Toitū Otago Settlers Museum curator Sean Brosnahan explained how these people, referred to as Assyrians or Syrians at the time, became a unique presence in the city in the late 1890s.

Māori had been in the region for centuries with settlements at the harbour, and European settlers, especially Scottish and English, arrived in the 1840s.

The 1860s gold rush brought many from around the world to the region.

Chinese were the first significant non-European group to arrive in the 1860s and by the late 19th century, Lebanese immigrants began to arrive.

Despite limited English proficiency and capital, Lebanese people proved "remarkably able" to adapt to this foreign environment.

Lebanon, part of the fertile crescent of the Middle East, is believed to be where agriculture started some 11,000 years ago.
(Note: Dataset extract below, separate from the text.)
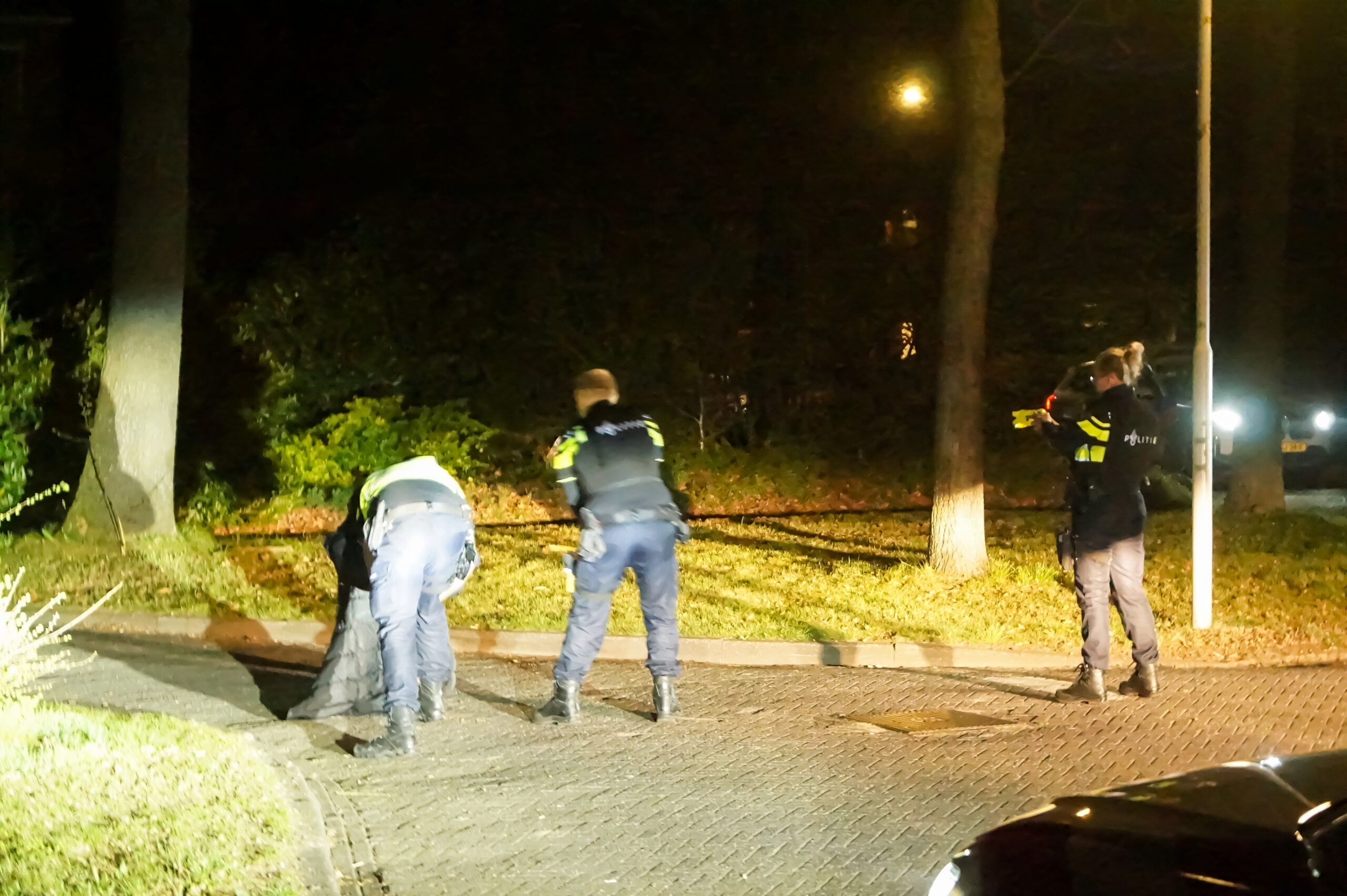 Bij de Poiesz Supermarkt aan de Rijksstraatweg werd een auto doorzocht. Agenten zochten naar een (vuur)wapen, maar vonden niets. De omgeving van de woning werd afgezet. Met een hond is gezocht naar sporen en mogelijke wapens.

Many Dunedin Lebanese immigrants traced their roots to the mountain village of Bsharri in the Kadisha Valley, Mr Brosnahan said.

Founded in the 7th century by Maronite Christians fleeing persecution, they coexisted with Druze communities, until a brutal Maronite-Druze civil war in 1860 led to massacres of Maronites, prompting mass immigration.

Competition from Chinese and Japanese silk after the Suez Canal opened in 1869 also contributed to economic decline.

"Migration offered young people, initially the sons, then the young women too, a chance to go abroad, work, and send profits home to support their families."

Many Lebanese immigrants settled in Walker St, now Carroll St, a poor neighbourhood in Dunedin.

They often used their experience as traders to work as itinerant peddlers, or hawkers, buying goods in cities and travelling great distances to sell items.

Men, and a few women, would go off into the countryside on hawking rounds for weeks, leaving families in Dunedin.

On Walker St, striking-looking women in bold colours and jewellery could be seen, surrounded by children speaking Arabic.

Not everyone welcomed this addition to Dunedin's population.

In 1897, a "Dunedin matron" objected to their presence in a letter to the newspaper, complaining about "disagreeable stenches" and "filthy and repulsive foreigners".

Mr Brosnahan said while the Lebanese housewives lived in poor cottages, they were "ferocious cleaners".

City council health inspectors, responding to such criticisms, found the houses occupied by the Assyrians to be exceptionally clean and tidy.

Compared to earlier settlers, Lebanese and Chinese immigrants faced increasing xenophobia and hostility in the 1890s, Mr Brosnahan said.

"The discrimination they suffered hardened into legislative barriers to further immigration in the early 20th century."

Mr Brosnahan's lecture was part of a series on migration to Otago, organised by the University of Otago's Centre for Global Migrations and hosted at Toitū Otago Settlers Museum.